Figure 7. The standard deviation of the acceptance ratio.

6.4. Simulation Time Comparison

In this section, the simulation duration of the EvoSMS simulation analysis algorithm is compared with that of the SimSo simulator to evaluate the advantages of the proposed approach in terms of simulation efficiency. This comparison was carried out under identical parameters as follows: all task periods obeyed the uniform distribution of [10, 100]; the task utilization rate obeyed the uniform distribution of [0.05, 0.2]; the release time jitter of tasks obeyed the uniform distribution of [0, 5]; all tasks within the set had implicit deadlines, meaning their deadlines equaled their periods; the problem window was [0, 3000]; the number N of processor cores was 8; and the number of tasks was set to 25, 50, 75, 100, 125, 150, 175, and 200, respectively. The experimental results are shown in Figure 8. The horizontal coordinate indicates the number of tasks, and the vertical coordinate, which uses a linear scale, represents the running time of the simulation program. The green line connecting circular markers represents the simulation runtime of SimSo, while the blue line connecting square markers represents the simulation runtime of EvoSMS.

Figure 8. Comparison of EvoSMS simulation method and SimSo simulation tool runtime.

As shown in Figure 8, although the running time of both simulation approaches tended to grow as the number of tasks in the system kept increasing, the running time of the SimSo simulator grew faster and that of EvoSMS was relatively stable. The comparison between the EvoSMS approach and SimSo reveals a substantial advantage in terms of runtime for EvoSMS. Based on the statistical analysis of the experimental results, it was observed that, on average, the simulation runtime of EvoSMS was 96.24% lower than that of SimSo.

7. Conclusions and Future Work

Aiming to address the inefficiency of simulation-based schedulability analysis, this paper introduces an event-oriented simulation strategy and presents the implementation of EvoSMS, which is based on time-axis folding and unfolding algorithms. Experimental results demonstrate the accuracy of the analysis outcomes and highlight the improvements in analysis efficiency offered by the EvoSMS method.

The current work focuses on the actor model with periodic tasks and implied deadlines, which simplifies the analysis but limits the general applicability of the results. Specifically, EvoSMS currently does not handle sporadic tasks or tasks with arbitrary deadlines, restricting its use in more diverse real-time scenarios. In addition, the method is limited to multi-core processors and has not yet been applied to multi-core distributed systems. As part of the planned extensions, the actor model will be enhanced to include message-passing models, and the script model will incorporate bus arbitration mechanisms to enable bus modeling, thereby facilitating further extension to distributed systems.
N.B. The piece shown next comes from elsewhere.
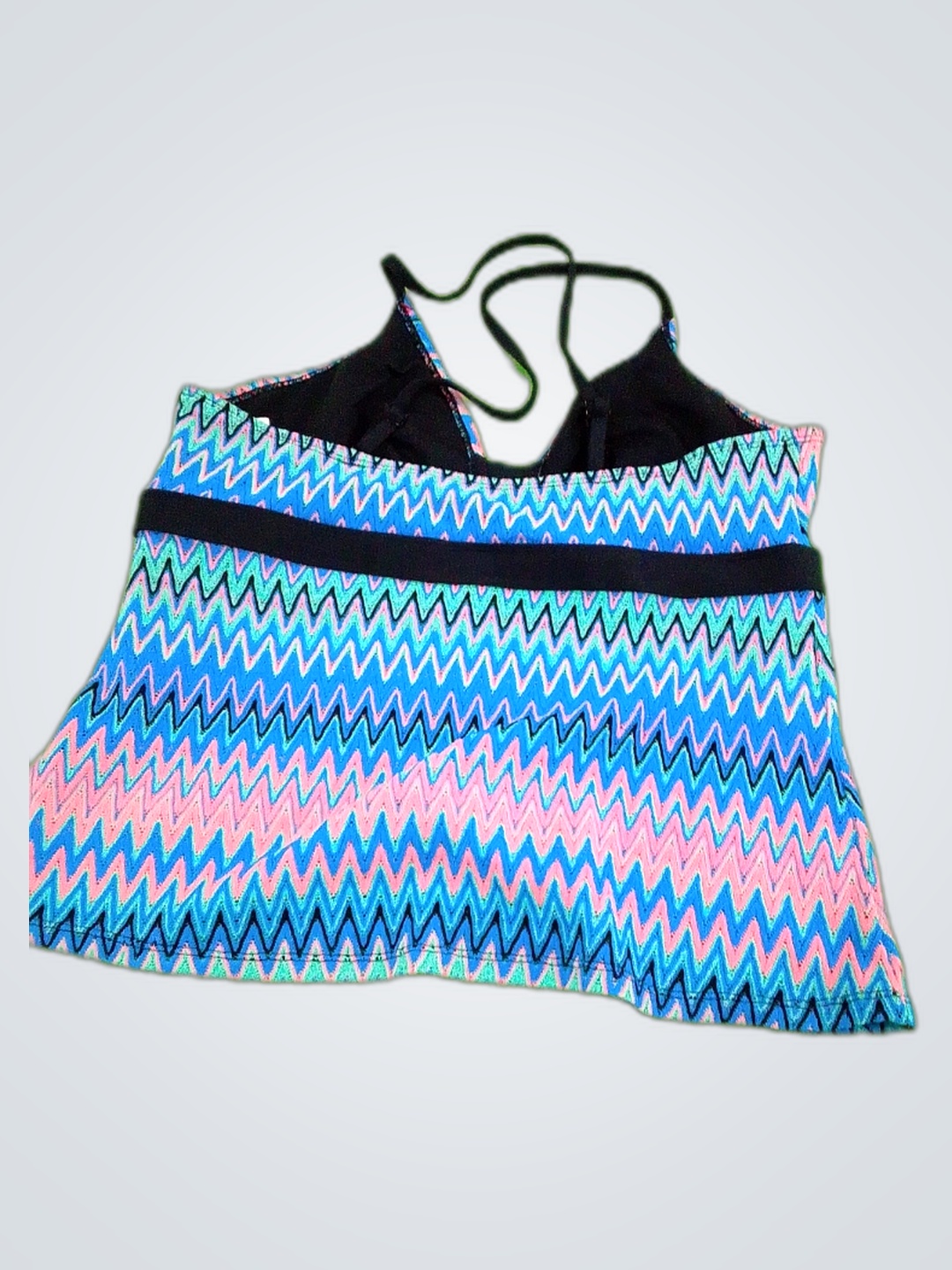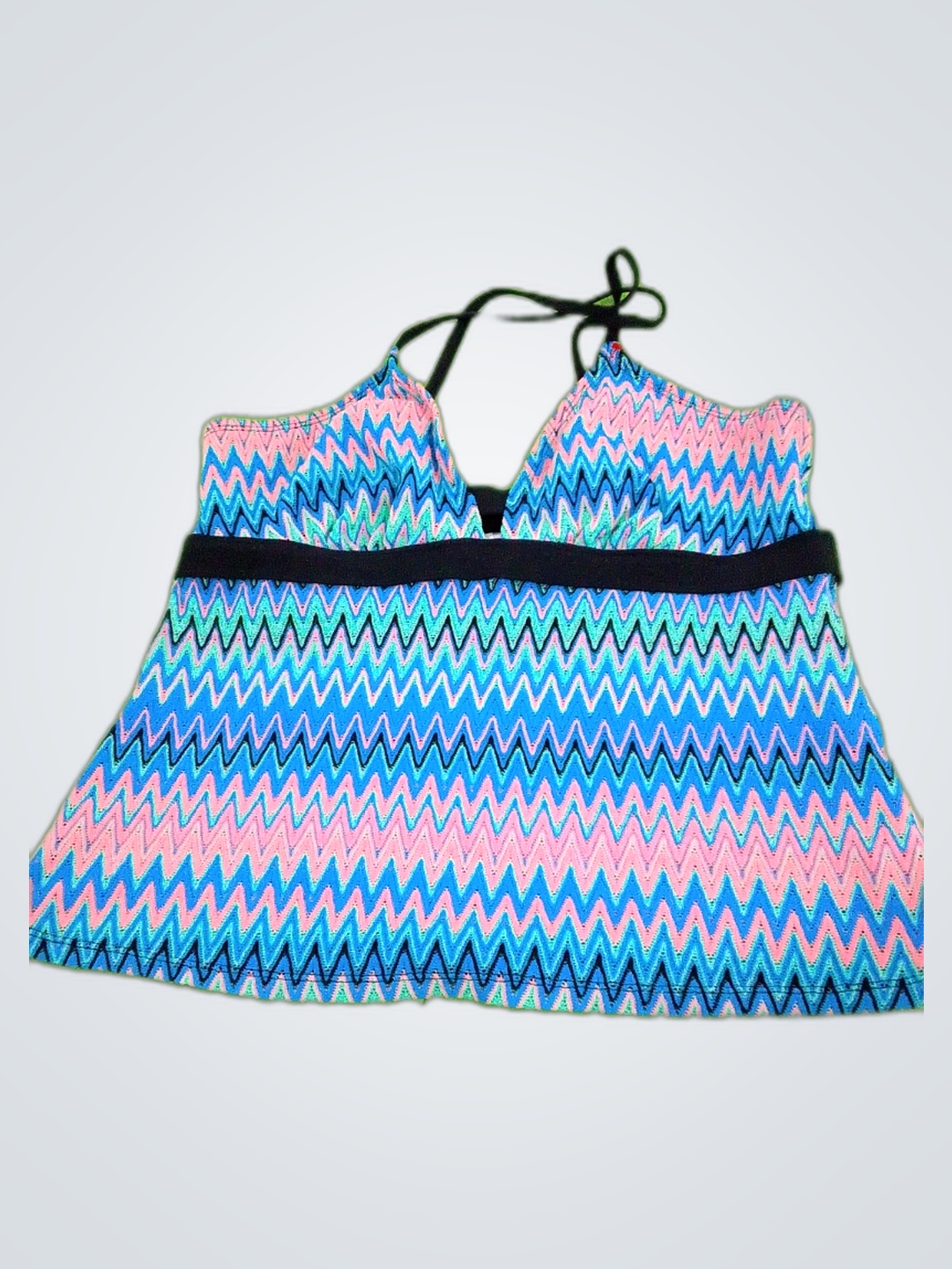 Women's Multicolor Zig Zag Halter Neck Swimsuit Top

Another limitation lies in the scope of the modeling: the current approach does not fully account for interruption policies, global/partition scheduling support, or detailed resource models such as buses, caches, and critical sections. These omissions may affect the accuracy and generalization of the evaluation, as real-world systems often involve complex interactions among these factors. Furthermore, the simulation results are dependent on chosen parameters, including task models and execution time assumptions, which may influence observed schedulability outcomes. To address this, EvoSMS provides a set of generic XML files to describe various system models, and key parameters can be refined, for example, by collecting extensive measurements to obtain task execution time distributions.
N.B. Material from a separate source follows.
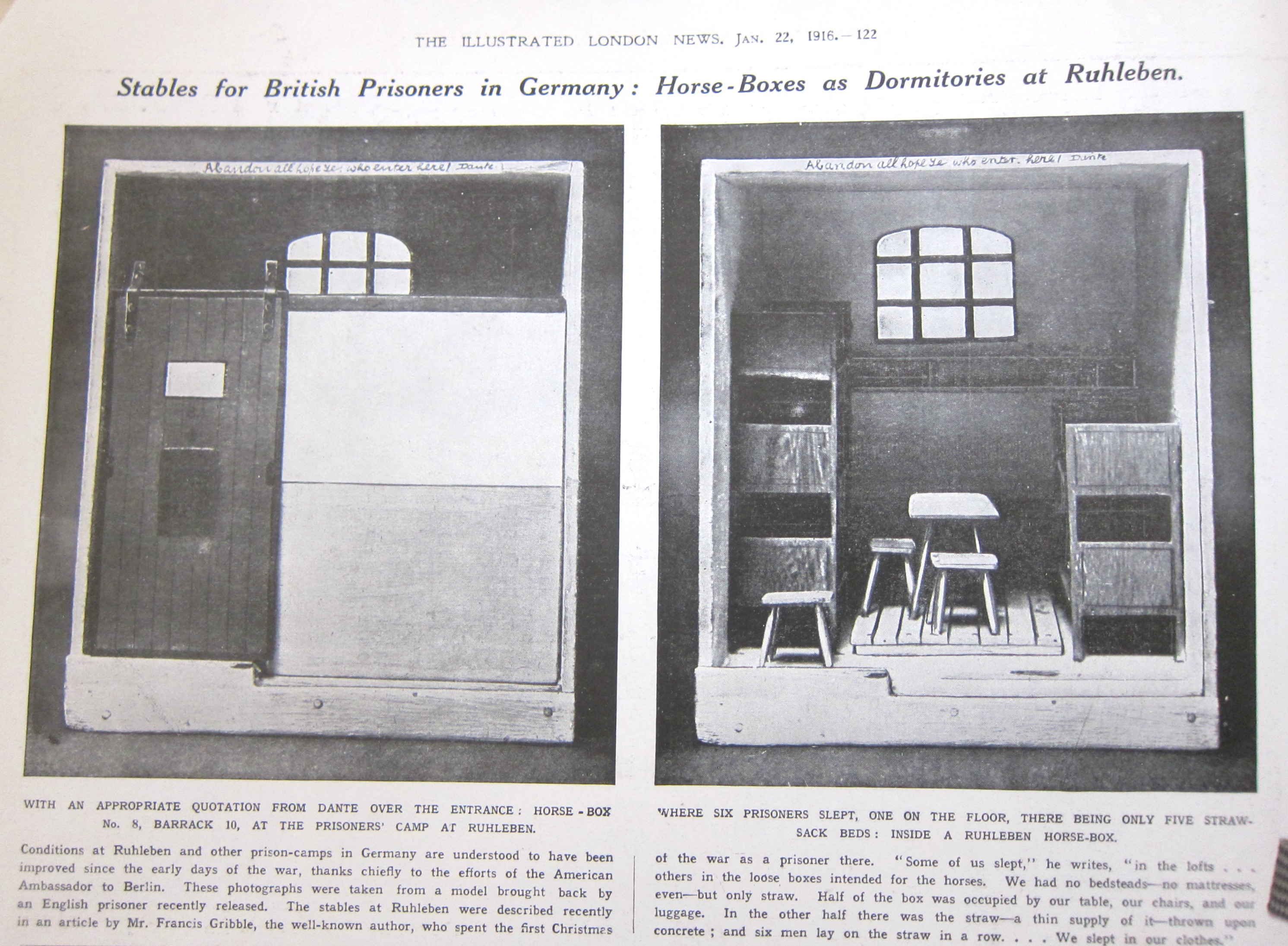 Francis Gribble was an inmate at Barrack 5 in Ruhleben. He wrote a short essay entitled "Leaves From a Ruhleben Notebook" outlining his experiences whilst interned, including the witnessing of a fellow inmate's suicide. This was advertised as being printed within "The Fortnightly Review" of January 1916, the advert appearing in the Times of January 3rd 1916 (p.4, col.B).

Future work will address these limitations by extending EvoSMS to handle sporadic tasks and arbitrary deadlines, supporting distributed multi-core systems and incorporating more comprehensive modeling of interruption policies, global and partitioned scheduling, and shared resources (including buses, caches, and critical sections). Additionally, we aim to study the sensitivity of the simulation results to different parameter settings to ensure more robust and generalizable conclusions.